About this time also the apostles returned back from their missionary journey, and again were reassembled round Jesus. They had therefore finished their journeyings through the Jewish towns, or else, as one might also conjecture, they had suddenly broken them off. It is remarkable that Matthew is silent respecting their return, and that the other two synoptists only notice it very briefly. This return does not seem to have been so joyful a one as that of which Luke gives us later an account, in connection with the Seventy. Now it would certainly be possible that, having heard the news of the Baptist’s death whilst in the middle of their labours, they had in their alarm been led to go back again to their Master. It is also an easy conjecture, that on their return they might have fallen in with John’s disciples who were coming to Jesus, since there was an old feeling of friendliness between the two circles of disciples, which through this great sorrow would now readily revive. Thus much, at any rate, plainly appears from the connection of the accounts of the Evangelists, namely, that they could not long have returned to Jesus when those friendly messengers arrived, and that the intelligence which they brought was deeply afflicting to them as well as to their Master, especially to those among them who had been former pupils of the Baptist, and certainly fell like a thunder-clap upon them and upon their views in reference to the future. But whilst they, thus discouraged, were surrounding their Master, He and they were beset by a crowd of the populace, whose excitement was continually increasing, and whose feelings in all probability were also, at least in respect to some of them, becoming less pure and more worldly.
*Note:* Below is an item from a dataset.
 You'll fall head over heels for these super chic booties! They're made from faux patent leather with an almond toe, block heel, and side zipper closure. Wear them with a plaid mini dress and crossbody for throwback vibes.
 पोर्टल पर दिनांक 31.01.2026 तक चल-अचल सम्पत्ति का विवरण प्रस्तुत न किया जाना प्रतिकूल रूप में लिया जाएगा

At all events Jesus deeply felt the need of withdrawing the disciples from the crowd, after the labours of their journey in such a frame of mind, and of taking them into solitude, in order that they might rest a while and recover themselves (Mar 6:31).
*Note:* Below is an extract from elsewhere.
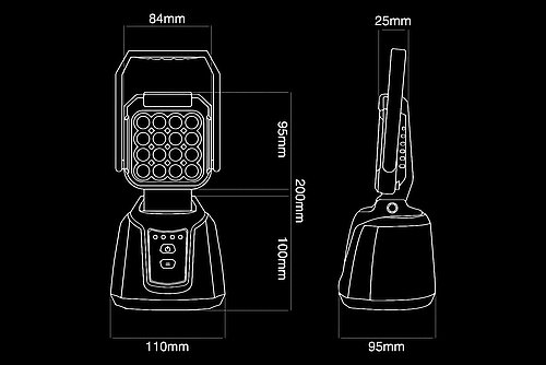 Leistungsstarke wiederaufladbare 16W C-BRIGHT LED-Arbeitsleuchte mit Griff. Mit starken Magneten an der Unterseite versehen. Die Lampe kann 4 Stunden lang mit voller Stärke leuchten und verfügt über eine Batteriestatusanzeige.

Then, too, came the singular intelligence, that Herod was wishing to see Jesus. A little time before this, Herod had probably returned from Livias in Perea to Tiberias. It was not long since the despot had stained his hands with the prophet’s blood. Before, he had heard more of the doings of the Baptist than of Jesus. But now he found the whole country of Galilee filled with the fame of Jesus and with praise of His miracles. Already had the most various opinions been formed concerning the personality of Jesus, but they all came to this, that He must be one of those miraculous appearances in connection with the Messiah, which the prophets had foretold as evidences of the dawn of the Messianic time. Opinions were divided: some said that He was Elias; others, that He was one of the old prophets; and others appear, with a certain pointedness of meaning, to have declared that He might possibly be John the Baptist himself—John risen from the dead. Timid, pious men might perhaps express this opinion, wishing to speak to the conscience of Herod in a way which would not bring themselves into danger; though, indeed, certainly court flatterers might possibly have thus expressed themselves in order to set the prince’s mind at rest concerning his wicked deed, with the assurance that John, whom he had killed, was already alive again. The prince at least exhibits to us a state of mind hovering between one apprehension and another.1 He was filled with fear when he heard the opinion expressed, that this Worker of miracles might be John the Baptist, and again at the same time doubted concerning the truth of this assertion. Yet he was disposed to believe it; in fact, he at length adopted the view that this Jesus was John risen from the dead, but apparently in such a way that he allowed the figurative sense to mingle with his conception of the matter by entertaining the thought that the damage which he might have done to the good cause by the Baptist’s execution was already more than compensated for; there had already stepped again upon the scene a mightier John the Baptist, endued with new powers.2 Apparently in this way he sought to appease his conscience by a word which at first had terrified him, and he soon got so far as to be able to express a desire—a desire prompted by a curiosity as shocking for its audacity as for its folly—to see Jesus.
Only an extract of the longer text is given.